If your organization is willing to relax security restrictions,  you might get legacy authentication enabled, so you would be able to get away authenticating the old way – by providing a login/password within the connection string. Having had some experience with this, I think this solution is not quite viable. Security groups within the organizations will be cracking down on this approach, and, sooner or later, you may need something else.

Besides, MFA is not, always, Azure-based. In the hybrid environments where authentication is done through the on-premise ADFS, there could be other solutions deployed. To be fair, having to figure out how to connect XrmToolBox to the online org in this kind of environment is exactly why I ended up writing this blog post.

But the final explanation/solution is applicable to the other scenarios, too.

To be more specific, here is the scenario that did confuse XrmToolBox to the point of no-return:


It was all working well when I was connecting to CDS in the browser, but, as far as XrmToolBox was concerned, somehow it just did not want to work with this pattern.

The remaining part of this post may include some inaccuracies – I am not a big specialist in OAuth etc, so some of this might be my interpretation. Anyway, how do we make everything work in the scenario above?

This is where we need to look at the concept of OAuth applications. Basically, the idea is that we can register an application in the Azure AD, and we can give permissions to that App to use Dynamics API-s:

This would be great, but, if we wanted to bypass all the 2FA above, we would have to, somehow, stop using our user account for authentication.

Which is why we might register a secret for our new Azure App. However, application secrets are not supported in the XrmTooling connection strings:

So, what was the point of registering an app you may ask?

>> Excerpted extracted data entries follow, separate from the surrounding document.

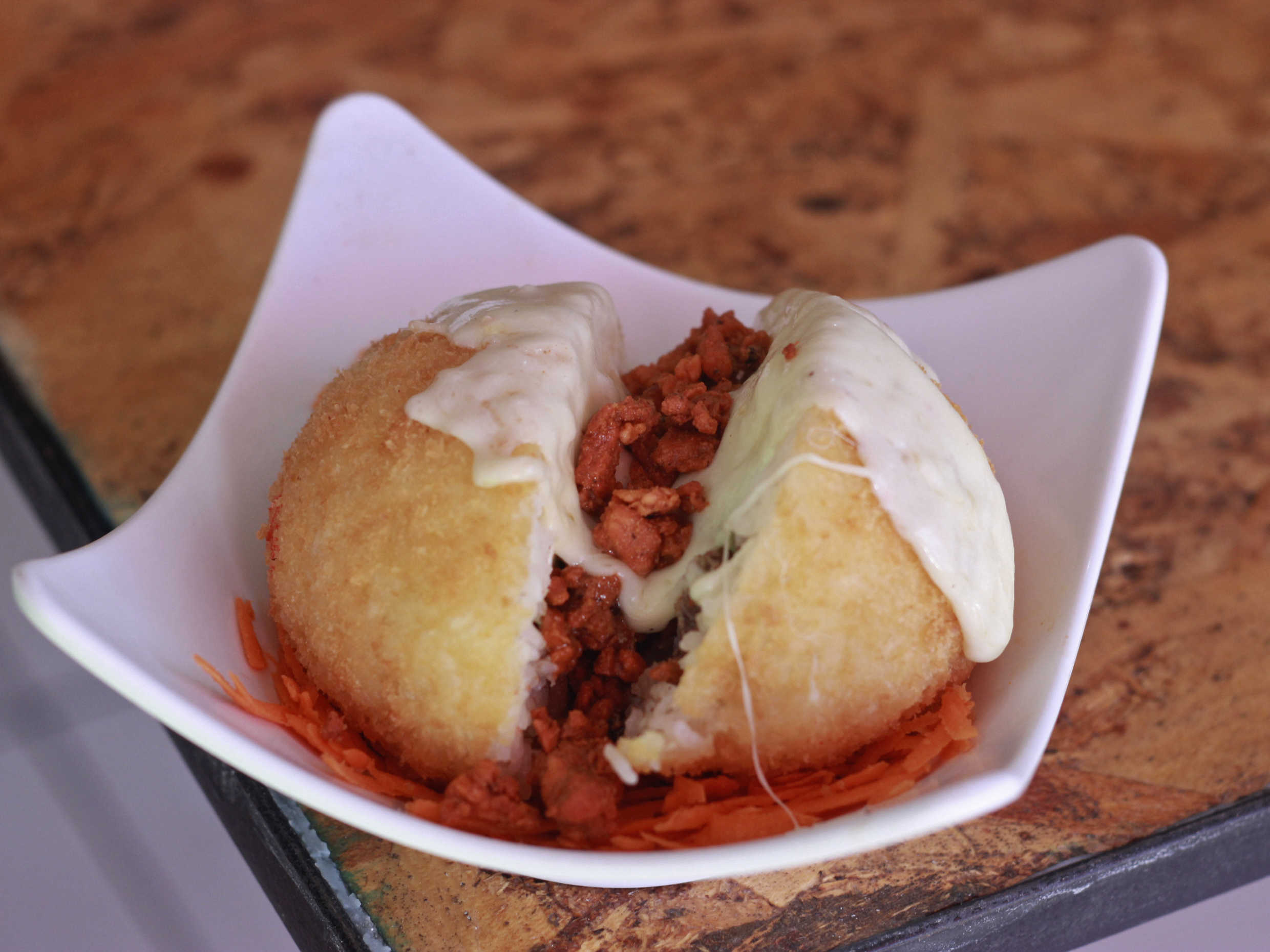 Bola de arroz empanizada con carne al pastor, cebolla, morrón, tocino, piña, aguacate y queso gratinado.
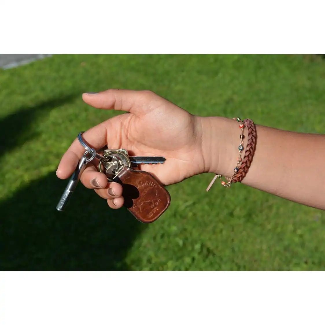 S úložným puzdrom a krúžkom na kľúče.
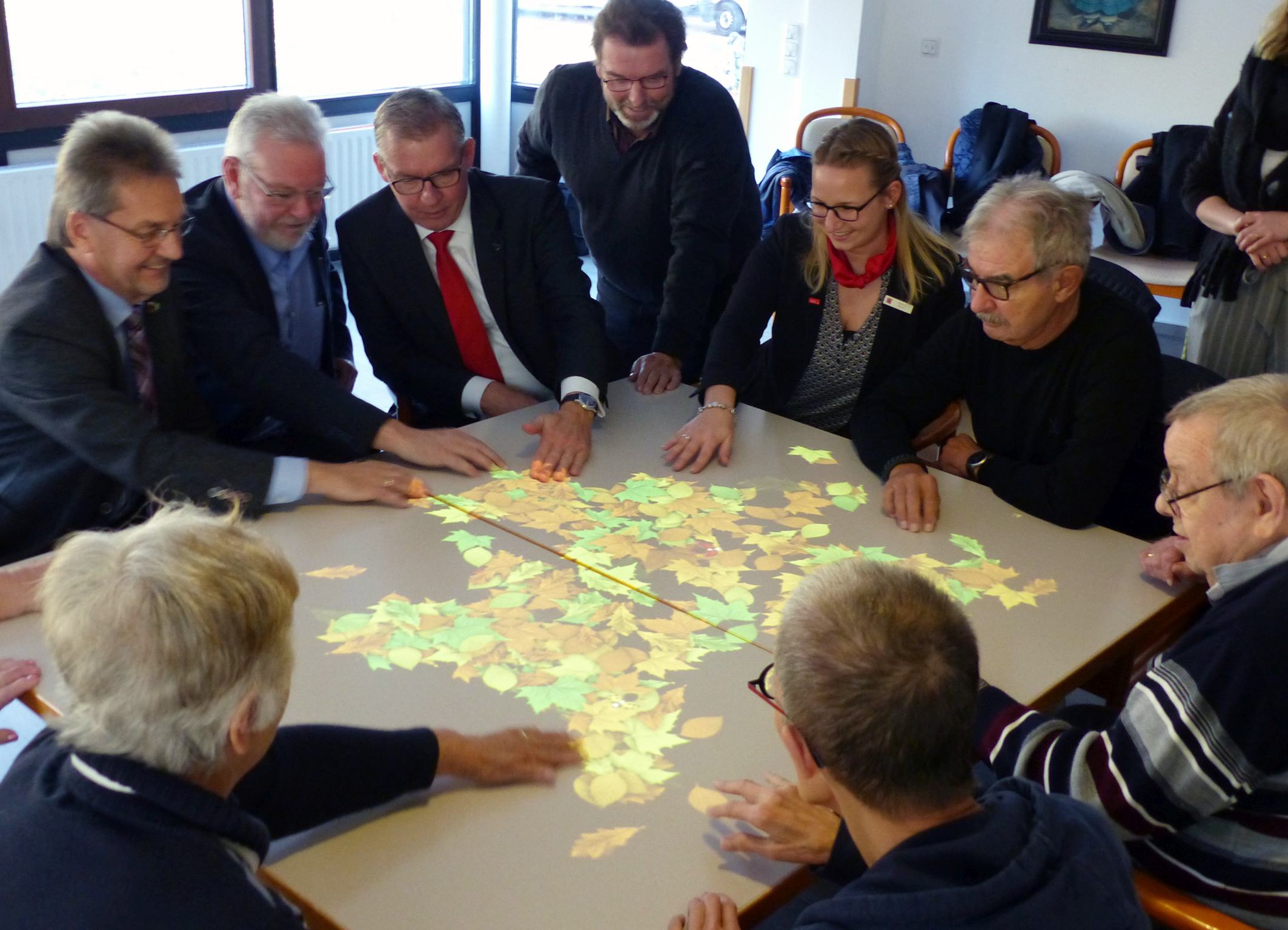 ALPEN. Das Laub auf dem Tisch ist widerspenstig. Kaum liegt es auf einem Haufen, hat es sich schon wieder auf der ganzen Fläche verteilt. Mit viel Freude und Bewegung schieben es die Bewohner des Marienstiftes von neuem zusammen und die Besucher helfen dabei. „Unsere Tovertafel kommt unheimlich gut an und macht allen viel Spaß“, sagt die Gerontologin Barbara Winter. Der kleine viereckige Kasten an der Decke projiziert mit Hilfe eines Beamers und mehrerer Sensoren ganz verschiede Spiele auf den Tisch oder den Boden darunter. Gemeinsam mit der Gemeinde und weiteren Spendern half die Sparkasse am Niederrhein dabei, dass im Marienstift nun insgesamt zwei Tovertafeln hängen können.
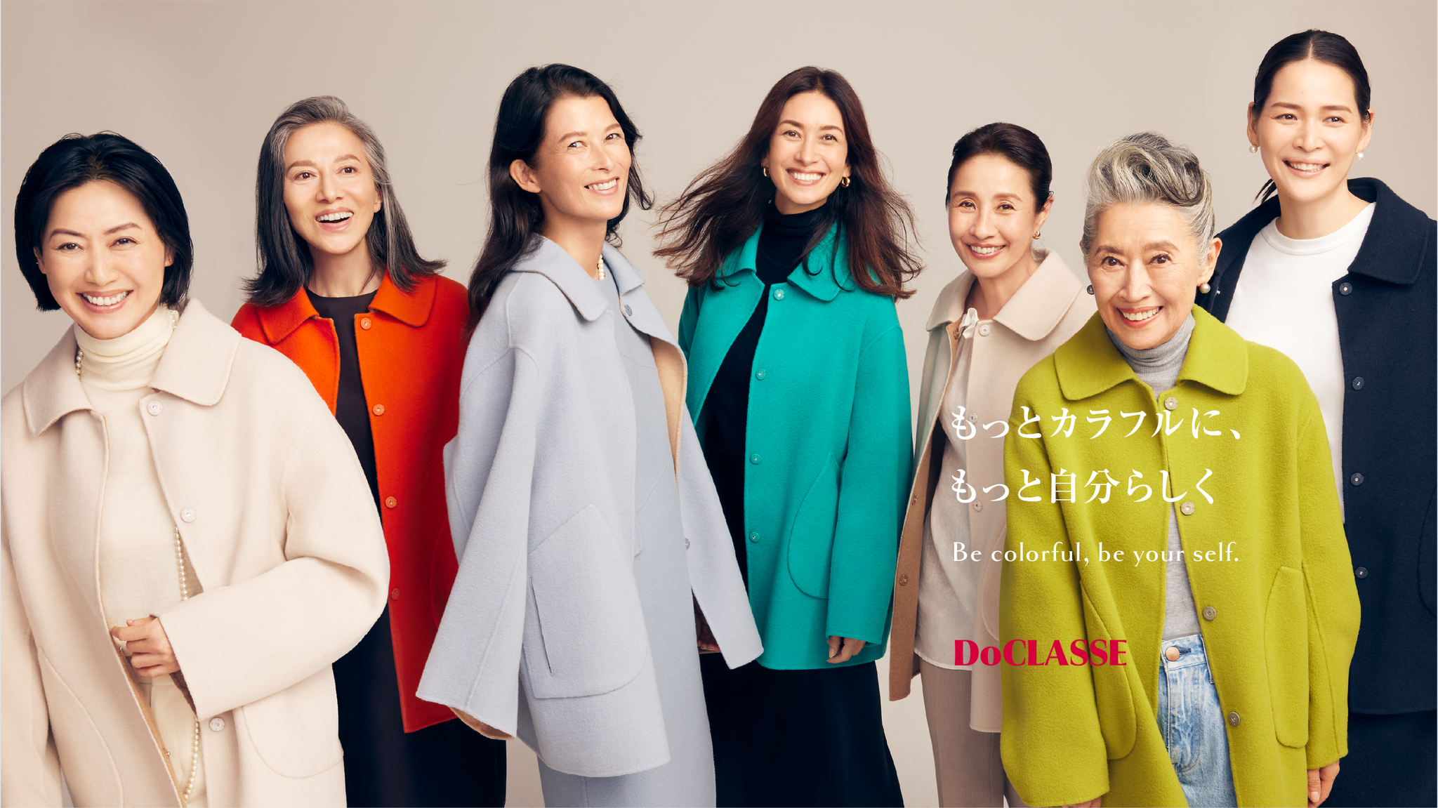 「もっとカラフルに、もっと自分らしく」カラーコートを纏った個性あふれる7人のMUSEが出演するDoCLASSEの新CMが放映スタート!

There is another option where we can use a certificate instead, and you may want to have a look at the following page at some point:

If you look at the samples there, here is how it all goes:


It’s a special AuthType (“Certificate”), and the whole set up process involves a few steps:

  • Registering an application in Azure AD
  • Uploading a certificate (I used one of those I had in the certificate store on my windows laptop. It does not even have to be your personal certificate)
  • Creating an application user in CDS
  • Creating a connection string for XrmToolBox


To register an app, you can follow one of the links above. Once the app is registered, you can upload the certificate – what you’ll see is a thumbprint which you will need to use in the connection string. Your XrmTooling client, when connecting, will try to find that certificate on the local machine by the thumbprint, so it’s not as if you would able to use the thumbprint (as a password) without the certificate.

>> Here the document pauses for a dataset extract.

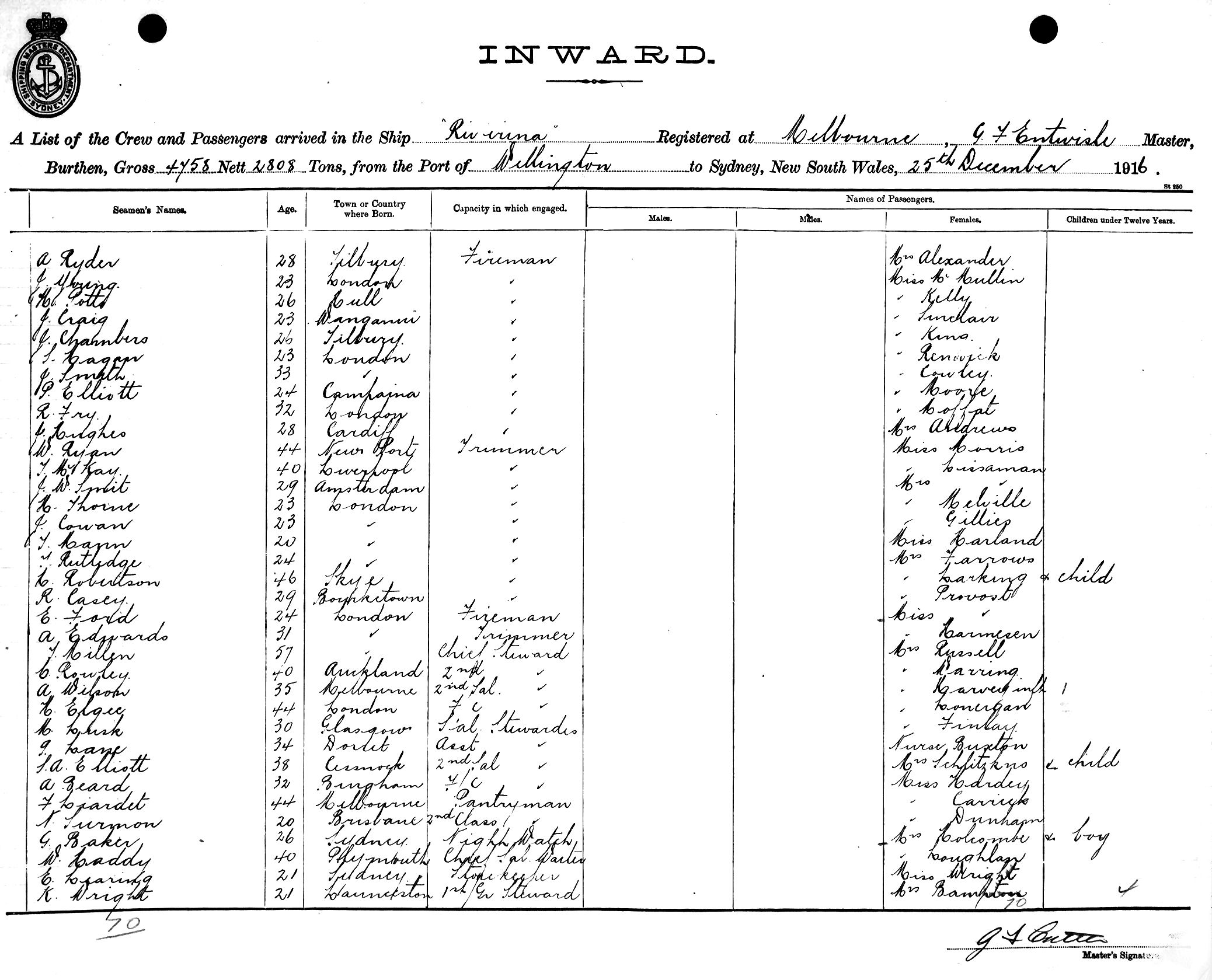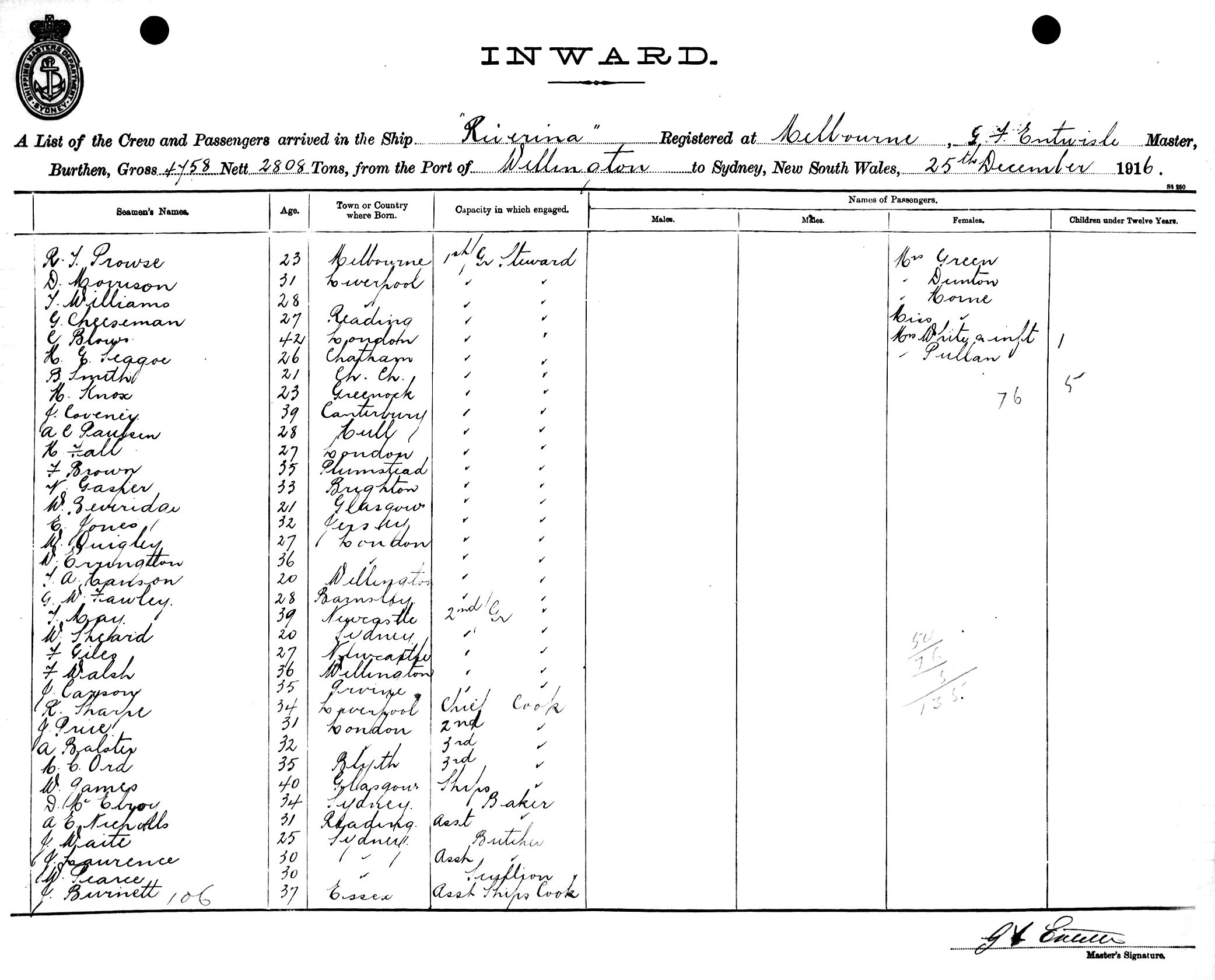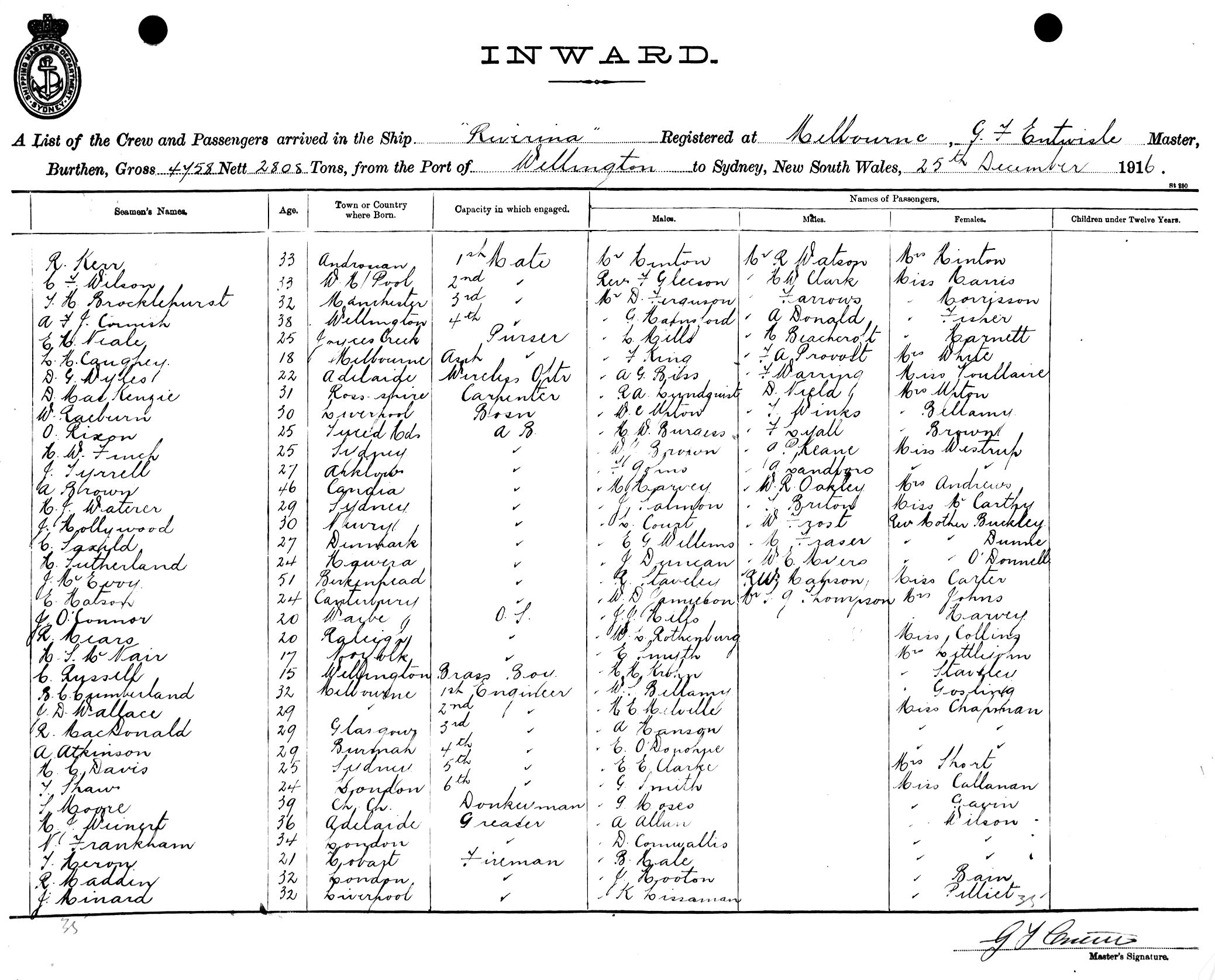 RIVERINAOF MELBOURNE, G. F. ENTWISLE, MASTER, BURTHEN 4758/2808 TONS FROM THE PORT OF WELLINGTON TO SYDNEY, NEW SOUTH WALES, 25TH DECEMBER 1916 |

While trying to make this work, I’ve uploaded a few certificates to my app, so here is how it looks like:


What’s that with the application user in CDS? I think I heard about it before, I just never realized what’s the purpose of this. However:

  • Application users are linked to the Azure applications
  • They do not require a license


How do you create one? In the CDS instance, go to Settings->Security->Users and make sure to choose “Application Users” view:


Surprisingly, you will actually be able to add a user from that view and the system won’t be suggesting that you need to do it through the Office admin center instead. Adding such a user is a pretty straightforward process, you just need to make sure you are using the right form (Application User):


For the email and user name, use whatever you want. For the application ID, make sure to use the actual application ID from the Azure AD.

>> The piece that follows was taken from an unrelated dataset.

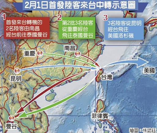 大陸旅客經臺北中轉試點2月1日啟動。第一批來臺中轉的大陸旅客1日上午自江西南昌搭機抵達桃園機場,當天下午轉飛泰國曼谷。定格在歷史瞬間的兩位旅客是大陸年輕人潘春明、陳燕,兩人都是28歲。轉機時,兩人買了58度金門高粱、保溫瓶等伴手禮。

Don’t forget to assign permissions to that user (in my case, I had to figured I’d have that user as System Admin)

Once you have reached this point, the rest is simple.

Go to the XrmToolBox and start creating a new connection. Make sure to choose “Connection String” option:


Set up the connection string like this (use your certificate thumbprint and your application’s appid):


Click next, give that connection some name, and voila… You should be able to connect without the MFA under that special application user account now.